In un caso sottoposto alle Sezioni Unite della Cassazione (n. 22225 del 19.1.2012), l'imputato era stato condannato dalla Corte d'Appello di Brescia per tentata ricettazione di un orologio Rolex contraffatto, dunque proveniente da delitto. La Corte Suprema ha affermato la natura speciale dell’illecito amministrativo, e dunque la prevalenza sul delitto di ricettazione in tutti i casi in cui, ad una condotta penalmente sanzionata si aggiunga, soprattutto se ciò avvenga in tempi successivi, una disciplina normativa che la preveda anche come violazione amministrativa.

In base a quanto previsto dall'art. 9 della L. 689/1981, quando uno stesso fatto è punito da una disposizione penale e da una disposizione che prevede una sanzione amministrativa, ovvero da una pluralità di disposizioni che prevedono sanzioni amministrative, si applica la disposizione speciale.

Pertanto, nella pronuncia citata, le SU della Cassazione hanno proceduto ad un raffronto strutturale tra il reato di ricettazione (art. 648 Cp) e la violazione amministrativa citata (art. 1 c. 7 del D.l. 35/2005), ritenendo quest’ultima speciale rispetto alla prima. In particolare, hanno evidenziato che il soggetto attivo della ricettazione può essere chiunque, mentre è evidente come il legislatore abbia inteso ritagliare una speciale ipotesi di illecito amministrativo attorno alla figura del soggetto acquirente finale. Quanto all'oggetto materiale della condotta, hanno ritenuto che il concetto di "cose che, per la loro qualità o per la condizione di chi le offre o per l'entità del prezzo, inducano a ritenere che siano state violate le norme in materia di origine e provenienza dei prodotti ed in materia di proprietà industriale" costituisca una specificazione del concetto di "cose provenienti da un qualsiasi delitto", di cui all'art. 648 Cp.

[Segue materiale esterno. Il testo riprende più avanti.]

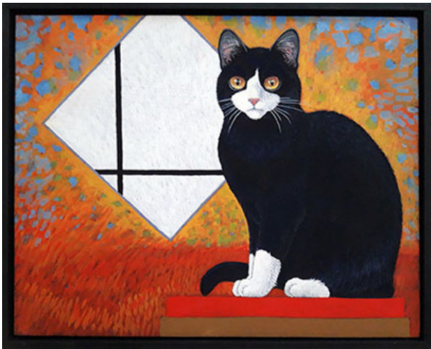
Mondriaan, 2018 eitempera, 24x30 cm
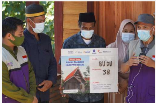
Foto : Peresmian Recyle House

Dengan konsep recycle house sebanyak 75 unit rumah sudah dibangun, tepatnya di Dusun Petakeang dan Dusun Talange, Kelurahan Galung, Kec Tapalang Kab Mamuju. Recycle house adalah pembangunan rumah dengan memanfaatkan bahan-bahan rumah yang masih dapat digunakan kembali, seperti: kusen, jendela, pintu, genteng dan kayu – kayu rangka rumah. Pembangunan ulang rumah ini juga melibatkan masyarakat penyintas dengan pola gotong royong.
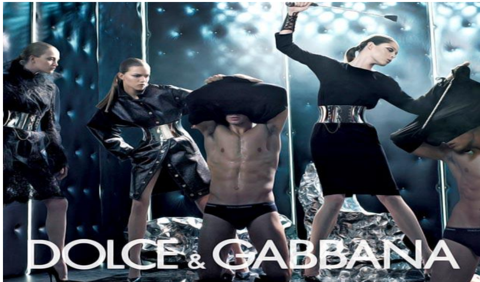
Slika 4.3.4 Ženska dominacija nad muškarcima ( www.mandatory.com )

Ista modna kuća napravila je kampanju u kojoj je zamijenila uloge koje su nam stereotipi dodijelili i to onda izgleda ovako:
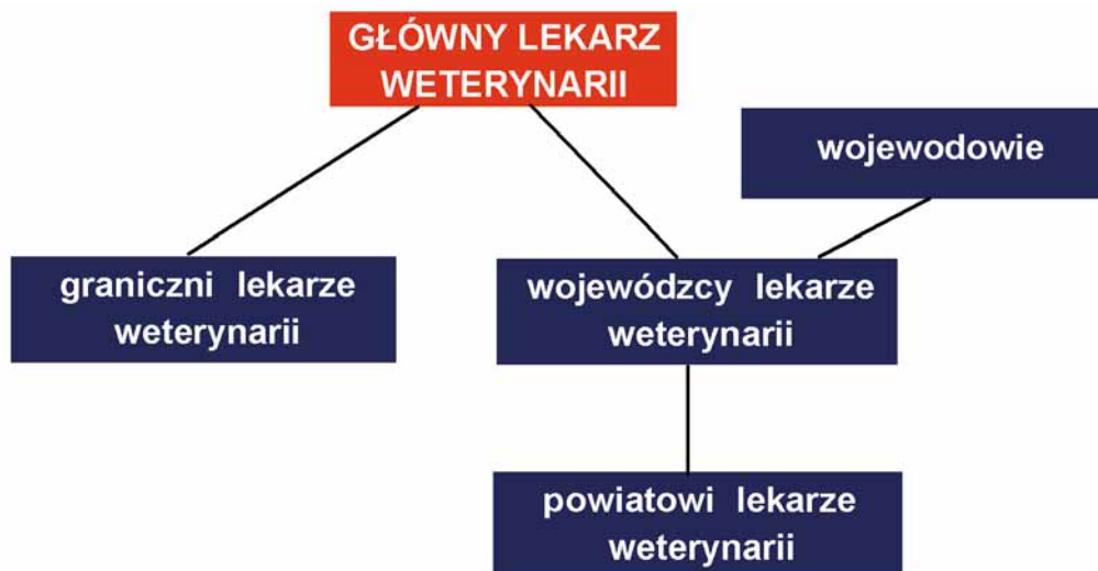
Rys. 1. Schemat organizacji Inspekcji Weterynaryjnej w Rzeczypospolitej Polskiej
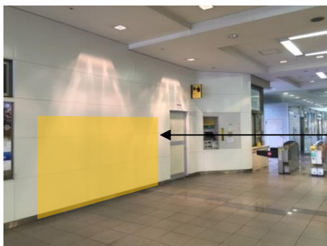
祈願繪馬板的設置預定處

「西武鐵路xLAIMO 活動」的祈願繪馬板設置於本川越站二樓剪票口內的大廳，旅客可在出示指定車票所獲贈的祈願繪馬貼紙上寫下心願，並貼在祈願繪馬板。
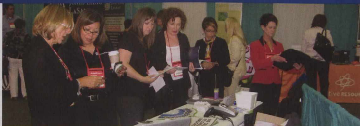
Canadian business owners participate in the 2010 women's trade mission to the WBENC National Conference in Baltimore.
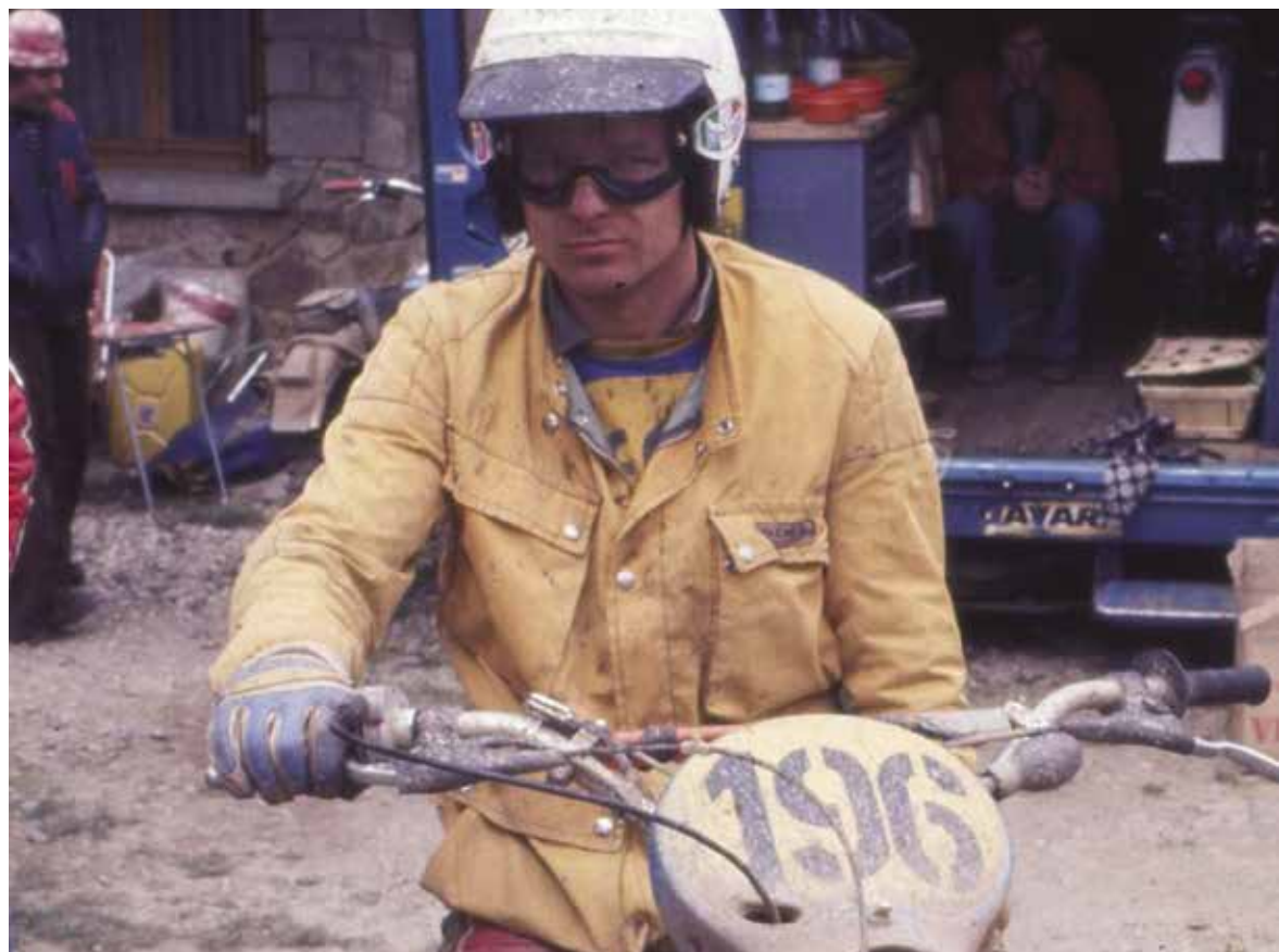
OFF ROAD SPIRIT
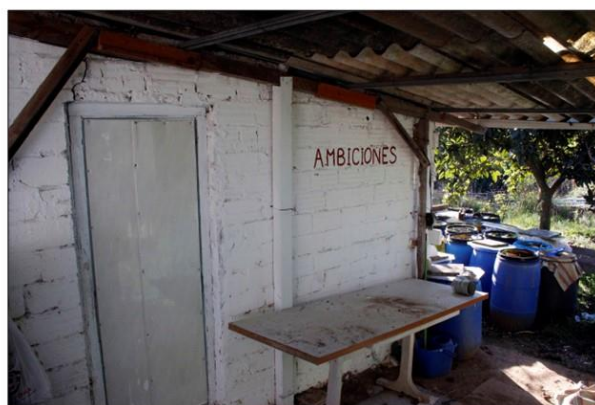
Al Molí de l'Amat

Ne deriva, secondo la Cassazione, che nel classico acquisto di beni apparentemente attribuibili a note griffe della moda e/o del lusso, debba trovare sempre applicazione la sanzione amministrativa pecuniaria, dovendosi l’illecito amministrativo considerare speciale non soltanto rispetto all’incauto acquisto (art. 712 Cp), bensì anche in relazione alla ricettazione (art. 648 Cp).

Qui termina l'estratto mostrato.